- _Your task_
Only the pictures should be dropped; every line of the data must come back exactly as written.

[Records drawn from a dataset]
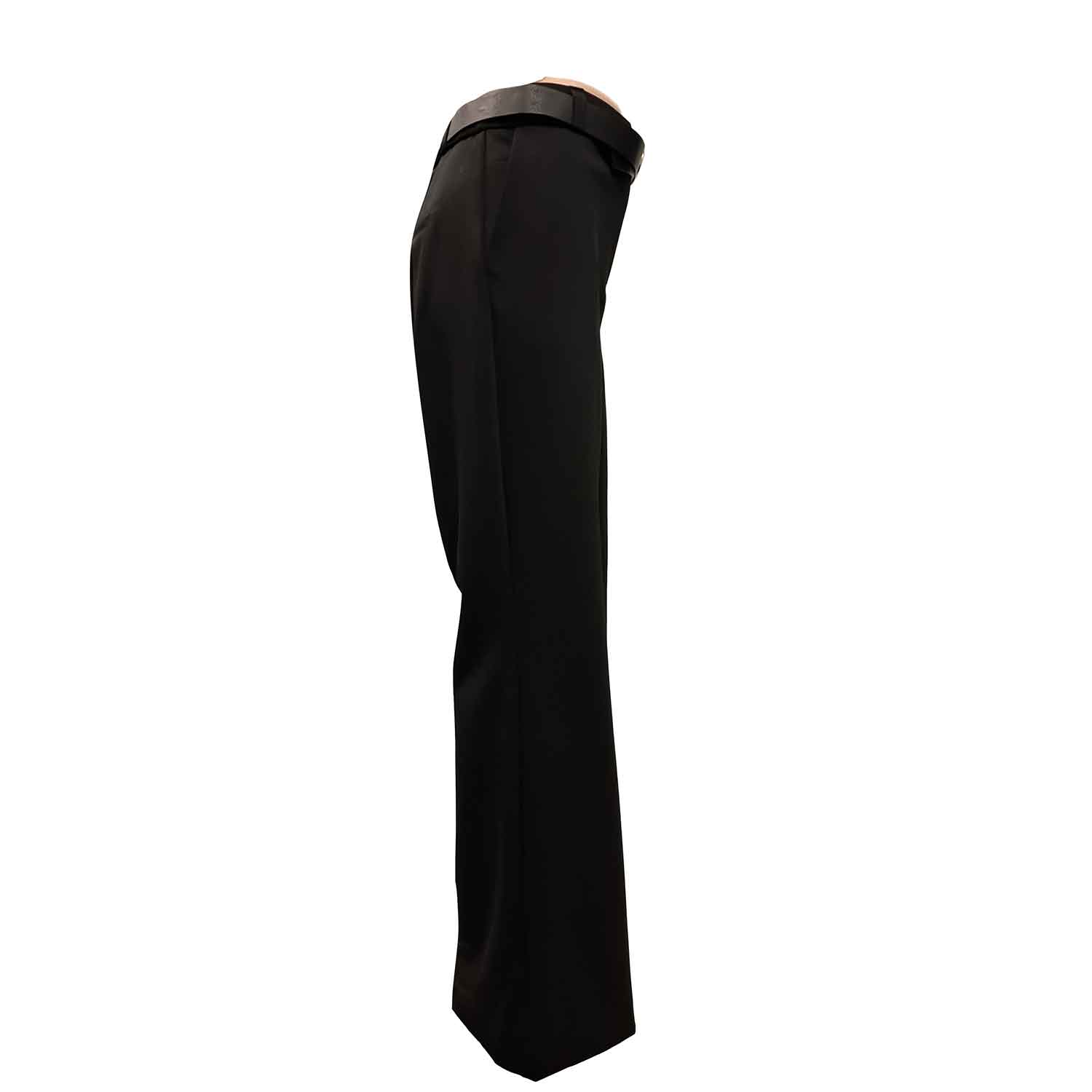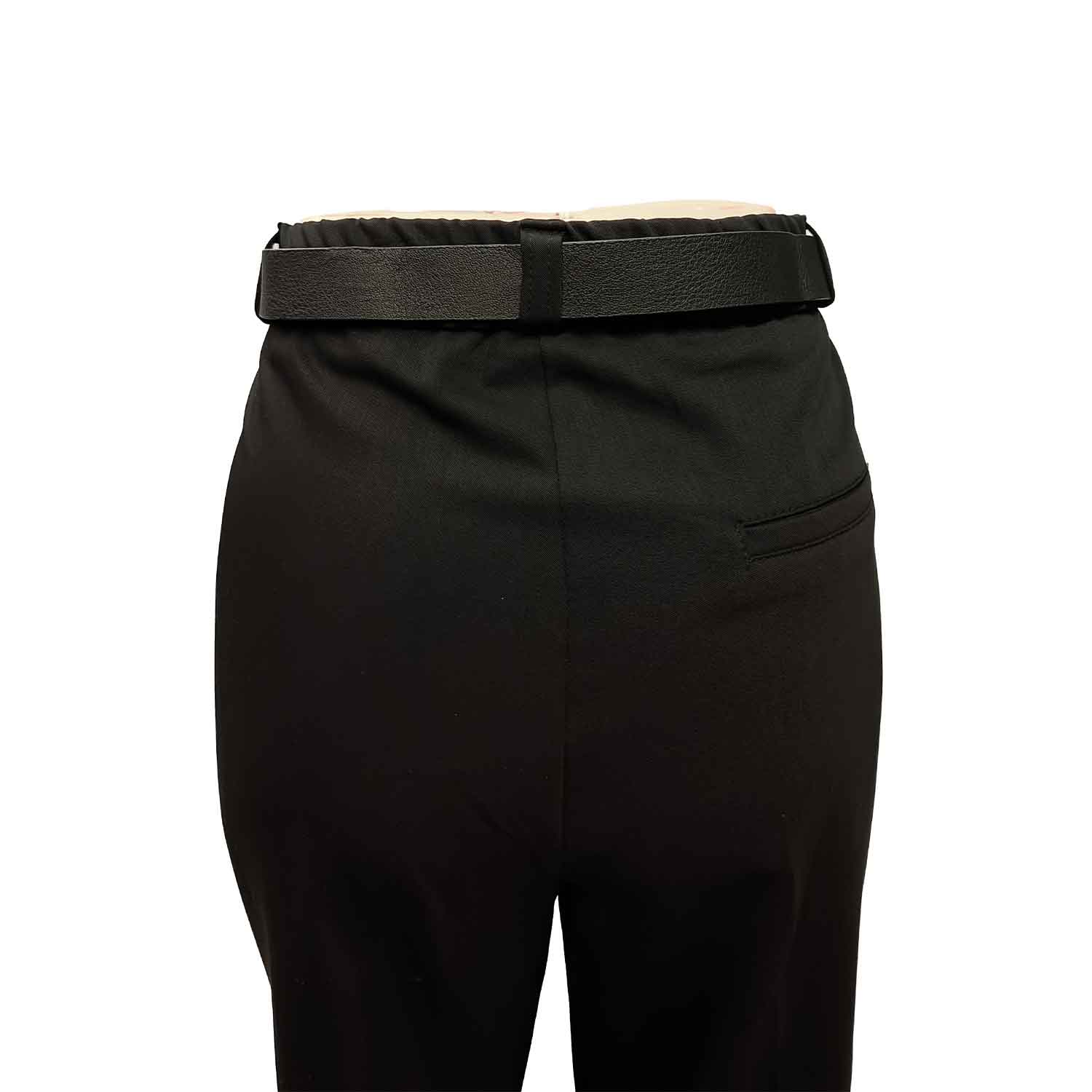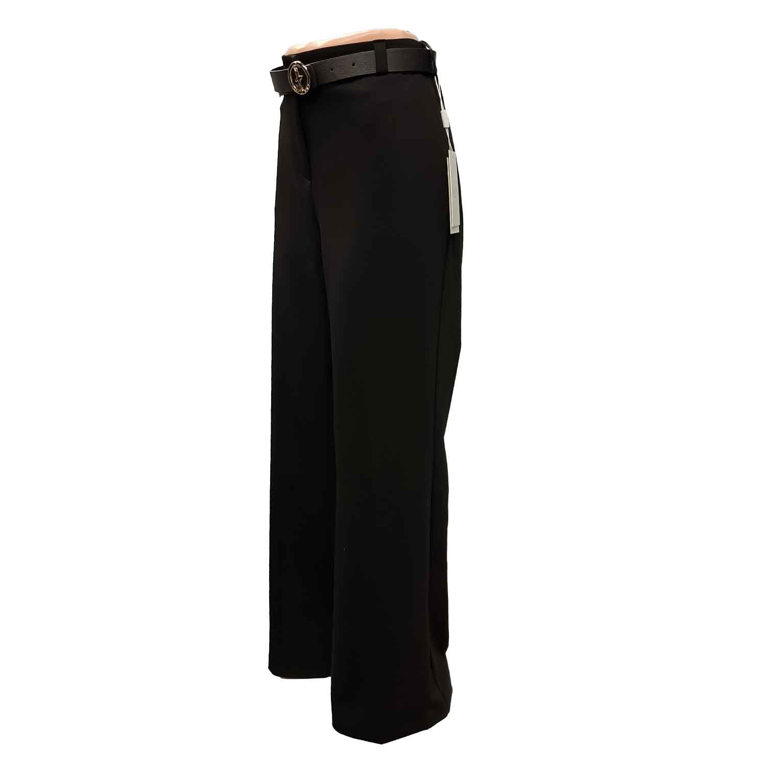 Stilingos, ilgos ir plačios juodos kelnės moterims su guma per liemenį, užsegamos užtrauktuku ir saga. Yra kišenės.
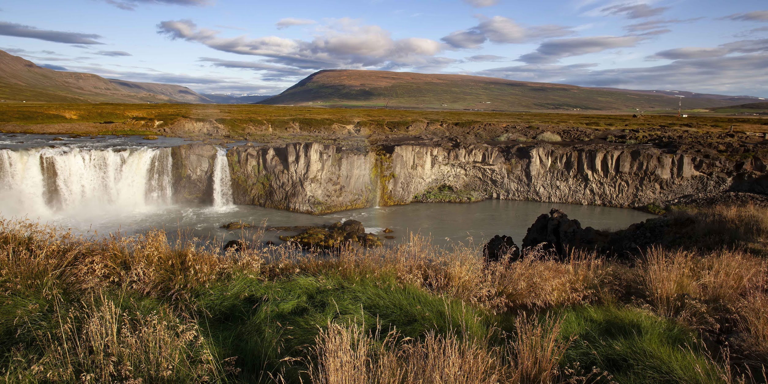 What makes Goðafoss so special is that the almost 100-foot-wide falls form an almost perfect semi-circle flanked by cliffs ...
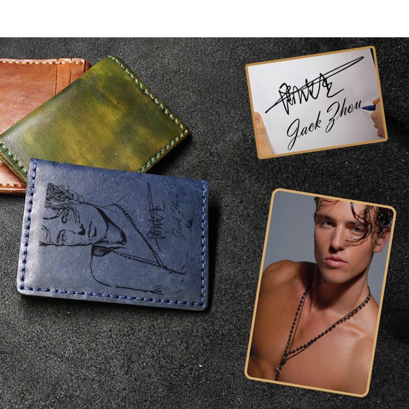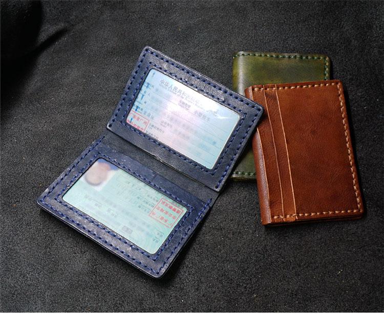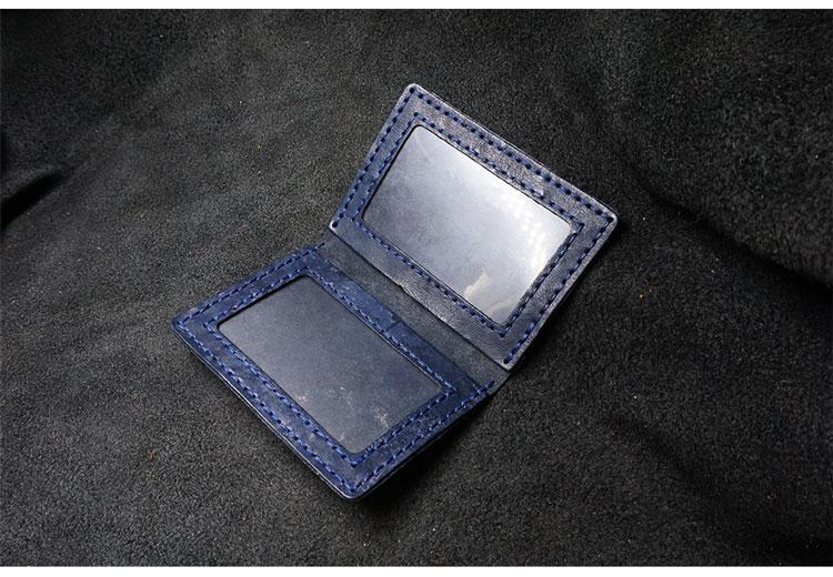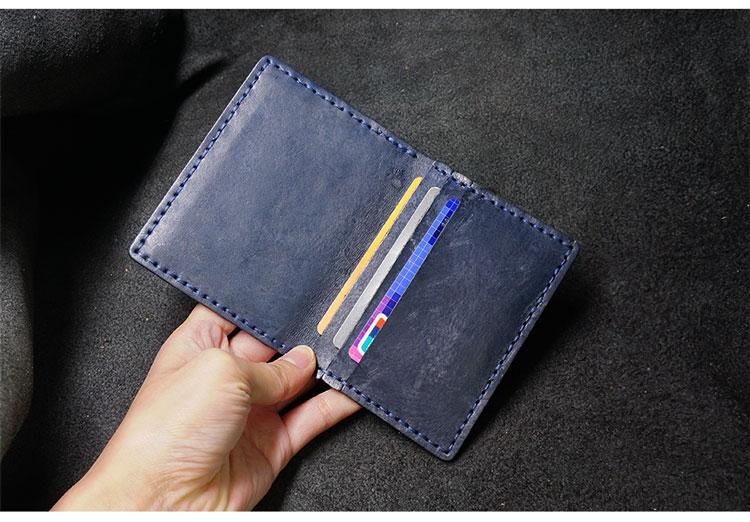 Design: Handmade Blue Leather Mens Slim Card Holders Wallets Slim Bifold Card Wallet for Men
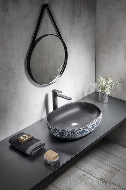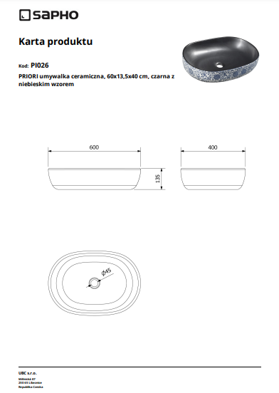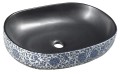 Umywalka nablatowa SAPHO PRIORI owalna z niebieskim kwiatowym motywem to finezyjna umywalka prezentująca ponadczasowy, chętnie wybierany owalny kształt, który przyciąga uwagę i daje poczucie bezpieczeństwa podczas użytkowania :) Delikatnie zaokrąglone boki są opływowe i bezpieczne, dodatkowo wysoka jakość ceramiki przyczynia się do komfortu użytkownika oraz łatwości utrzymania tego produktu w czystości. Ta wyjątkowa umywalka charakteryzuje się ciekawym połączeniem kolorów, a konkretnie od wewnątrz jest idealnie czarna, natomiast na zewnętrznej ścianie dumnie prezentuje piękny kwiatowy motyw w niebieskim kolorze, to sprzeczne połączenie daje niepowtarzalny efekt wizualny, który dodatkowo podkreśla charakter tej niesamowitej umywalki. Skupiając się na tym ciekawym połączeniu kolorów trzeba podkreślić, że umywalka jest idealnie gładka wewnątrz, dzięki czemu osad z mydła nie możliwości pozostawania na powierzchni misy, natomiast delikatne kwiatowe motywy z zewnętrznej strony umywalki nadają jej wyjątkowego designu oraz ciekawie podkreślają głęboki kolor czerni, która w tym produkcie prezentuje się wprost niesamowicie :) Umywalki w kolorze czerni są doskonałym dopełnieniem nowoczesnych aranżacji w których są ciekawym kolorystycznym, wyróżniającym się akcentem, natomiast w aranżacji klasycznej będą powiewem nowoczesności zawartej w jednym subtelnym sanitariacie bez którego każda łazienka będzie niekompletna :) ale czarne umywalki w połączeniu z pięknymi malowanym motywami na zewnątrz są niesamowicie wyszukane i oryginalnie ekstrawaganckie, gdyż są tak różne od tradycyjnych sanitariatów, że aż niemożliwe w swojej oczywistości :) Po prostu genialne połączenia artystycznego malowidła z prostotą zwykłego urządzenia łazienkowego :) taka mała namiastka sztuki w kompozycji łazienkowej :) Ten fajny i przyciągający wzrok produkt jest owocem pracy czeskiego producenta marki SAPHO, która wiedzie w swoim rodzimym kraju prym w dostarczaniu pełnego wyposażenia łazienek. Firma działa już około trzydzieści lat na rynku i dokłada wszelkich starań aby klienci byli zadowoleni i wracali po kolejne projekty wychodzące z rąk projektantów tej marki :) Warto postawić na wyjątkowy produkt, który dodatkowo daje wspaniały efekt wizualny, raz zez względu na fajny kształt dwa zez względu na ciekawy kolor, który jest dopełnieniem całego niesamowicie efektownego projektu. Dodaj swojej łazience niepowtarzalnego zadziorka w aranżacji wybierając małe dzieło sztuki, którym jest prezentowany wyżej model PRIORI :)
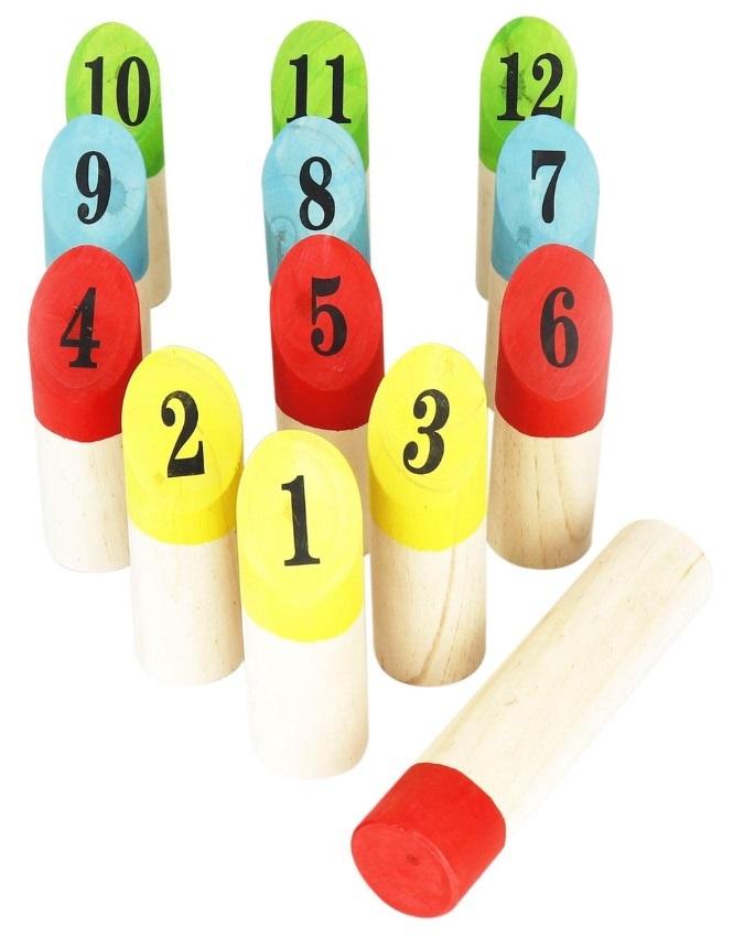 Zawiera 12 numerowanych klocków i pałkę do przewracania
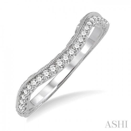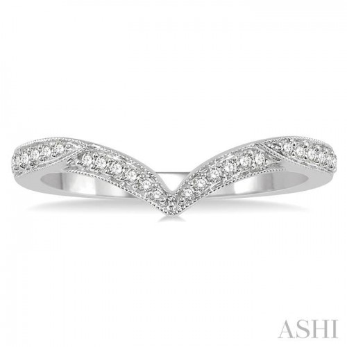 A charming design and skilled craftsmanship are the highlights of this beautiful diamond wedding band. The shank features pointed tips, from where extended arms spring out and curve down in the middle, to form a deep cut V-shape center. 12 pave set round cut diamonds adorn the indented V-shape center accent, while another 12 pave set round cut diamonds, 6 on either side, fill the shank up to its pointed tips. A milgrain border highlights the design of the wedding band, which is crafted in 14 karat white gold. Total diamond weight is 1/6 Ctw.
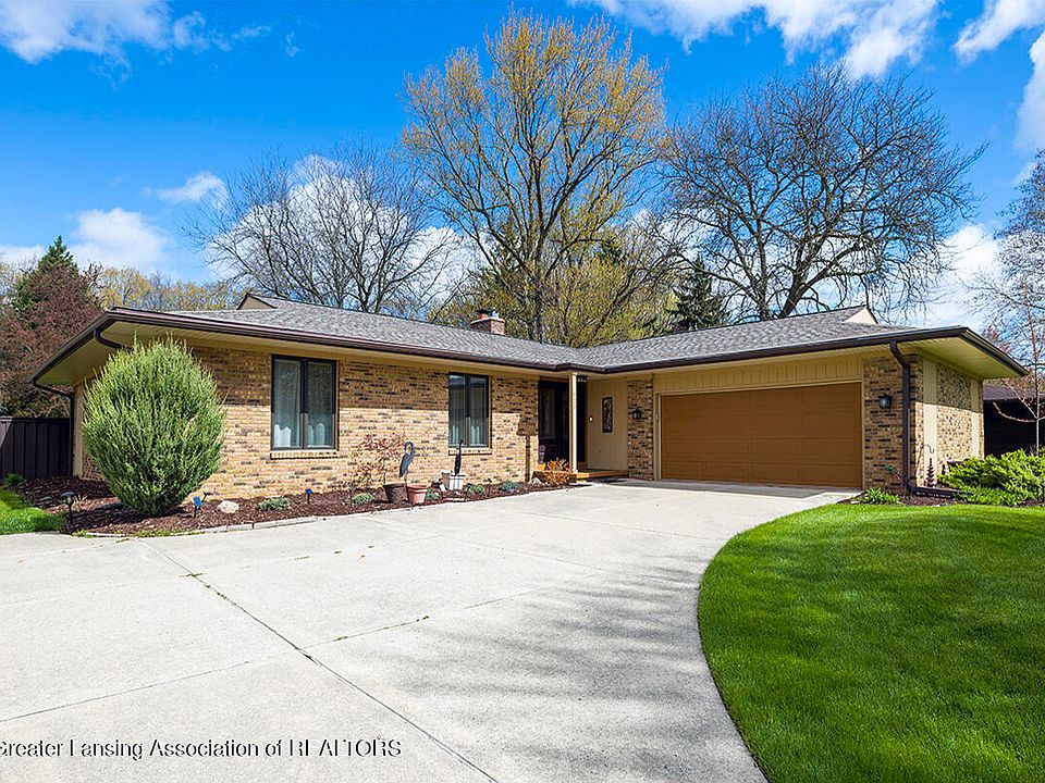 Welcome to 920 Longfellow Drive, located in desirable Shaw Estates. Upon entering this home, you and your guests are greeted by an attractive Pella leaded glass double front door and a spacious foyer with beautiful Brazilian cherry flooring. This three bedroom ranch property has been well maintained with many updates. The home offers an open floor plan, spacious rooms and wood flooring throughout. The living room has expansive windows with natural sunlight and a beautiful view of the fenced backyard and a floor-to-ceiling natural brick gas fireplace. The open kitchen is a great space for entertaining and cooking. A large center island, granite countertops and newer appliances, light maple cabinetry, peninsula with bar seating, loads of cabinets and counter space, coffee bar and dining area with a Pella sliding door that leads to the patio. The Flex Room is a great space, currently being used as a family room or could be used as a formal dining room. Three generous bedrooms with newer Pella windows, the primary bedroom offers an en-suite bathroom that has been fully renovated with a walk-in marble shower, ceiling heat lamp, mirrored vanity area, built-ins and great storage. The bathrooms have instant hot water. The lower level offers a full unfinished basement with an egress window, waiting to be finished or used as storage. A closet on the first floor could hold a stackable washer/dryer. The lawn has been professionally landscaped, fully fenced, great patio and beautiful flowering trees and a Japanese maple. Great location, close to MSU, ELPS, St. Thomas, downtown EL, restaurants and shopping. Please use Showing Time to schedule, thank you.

- _Solution below_
 Stilingos, ilgos ir plačios juodos kelnės moterims su guma per liemenį, užsegamos užtrauktuku ir saga. Yra kišenės.
 What makes Goðafoss so special is that the almost 100-foot-wide falls form an almost perfect semi-circle flanked by cliffs ...
 Design: Handmade Blue Leather Mens Slim Card Holders Wallets Slim Bifold Card Wallet for Men
 Umywalka nablatowa SAPHO PRIORI owalna z niebieskim kwiatowym motywem to finezyjna umywalka prezentująca ponadczasowy, chętnie wybierany owalny kształt, który przyciąga uwagę i daje poczucie bezpieczeństwa podczas użytkowania :) Delikatnie zaokrąglone boki są opływowe i bezpieczne, dodatkowo wysoka jakość ceramiki przyczynia się do komfortu użytkownika oraz łatwości utrzymania tego produktu w czystości. Ta wyjątkowa umywalka charakteryzuje się ciekawym połączeniem kolorów, a konkretnie od wewnątrz jest idealnie czarna, natomiast na zewnętrznej ścianie dumnie prezentuje piękny kwiatowy motyw w niebieskim kolorze, to sprzeczne połączenie daje niepowtarzalny efekt wizualny, który dodatkowo podkreśla charakter tej niesamowitej umywalki. Skupiając się na tym ciekawym połączeniu kolorów trzeba podkreślić, że umywalka jest idealnie gładka wewnątrz, dzięki czemu osad z mydła nie możliwości pozostawania na powierzchni misy, natomiast delikatne kwiatowe motywy z zewnętrznej strony umywalki nadają jej wyjątkowego designu oraz ciekawie podkreślają głęboki kolor czerni, która w tym produkcie prezentuje się wprost niesamowicie :) Umywalki w kolorze czerni są doskonałym dopełnieniem nowoczesnych aranżacji w których są ciekawym kolorystycznym, wyróżniającym się akcentem, natomiast w aranżacji klasycznej będą powiewem nowoczesności zawartej w jednym subtelnym sanitariacie bez którego każda łazienka będzie niekompletna :) ale czarne umywalki w połączeniu z pięknymi malowanym motywami na zewnątrz są niesamowicie wyszukane i oryginalnie ekstrawaganckie, gdyż są tak różne od tradycyjnych sanitariatów, że aż niemożliwe w swojej oczywistości :) Po prostu genialne połączenia artystycznego malowidła z prostotą zwykłego urządzenia łazienkowego :) taka mała namiastka sztuki w kompozycji łazienkowej :) Ten fajny i przyciągający wzrok produkt jest owocem pracy czeskiego producenta marki SAPHO, która wiedzie w swoim rodzimym kraju prym w dostarczaniu pełnego wyposażenia łazienek. Firma działa już około trzydzieści lat na rynku i dokłada wszelkich starań aby klienci byli zadowoleni i wracali po kolejne projekty wychodzące z rąk projektantów tej marki :) Warto postawić na wyjątkowy produkt, który dodatkowo daje wspaniały efekt wizualny, raz zez względu na fajny kształt dwa zez względu na ciekawy kolor, który jest dopełnieniem całego niesamowicie efektownego projektu. Dodaj swojej łazience niepowtarzalnego zadziorka w aranżacji wybierając małe dzieło sztuki, którym jest prezentowany wyżej model PRIORI :)
 Zawiera 12 numerowanych klocków i pałkę do przewracania
 A charming design and skilled craftsmanship are the highlights of this beautiful diamond wedding band. The shank features pointed tips, from where extended arms spring out and curve down in the middle, to form a deep cut V-shape center. 12 pave set round cut diamonds adorn the indented V-shape center accent, while another 12 pave set round cut diamonds, 6 on either side, fill the shank up to its pointed tips. A milgrain border highlights the design of the wedding band, which is crafted in 14 karat white gold. Total diamond weight is 1/6 Ctw.
 Welcome to 920 Longfellow Drive, located in desirable Shaw Estates. Upon entering this home, you and your guests are greeted by an attractive Pella leaded glass double front door and a spacious foyer with beautiful Brazilian cherry flooring. This three bedroom ranch property has been well maintained with many updates. The home offers an open floor plan, spacious rooms and wood flooring throughout. The living room has expansive windows with natural sunlight and a beautiful view of the fenced backyard and a floor-to-ceiling natural brick gas fireplace. The open kitchen is a great space for entertaining and cooking. A large center island, granite countertops and newer appliances, light maple cabinetry, peninsula with bar seating, loads of cabinets and counter space, coffee bar and dining area with a Pella sliding door that leads to the patio. The Flex Room is a great space, currently being used as a family room or could be used as a formal dining room. Three generous bedrooms with newer Pella windows, the primary bedroom offers an en-suite bathroom that has been fully renovated with a walk-in marble shower, ceiling heat lamp, mirrored vanity area, built-ins and great storage. The bathrooms have instant hot water. The lower level offers a full unfinished basement with an egress window, waiting to be finished or used as storage. A closet on the first floor could hold a stackable washer/dryer. The lawn has been professionally landscaped, fully fenced, great patio and beautiful flowering trees and a Japanese maple. Great location, close to MSU, ELPS, St. Thomas, downtown EL, restaurants and shopping. Please use Showing Time to schedule, thank you.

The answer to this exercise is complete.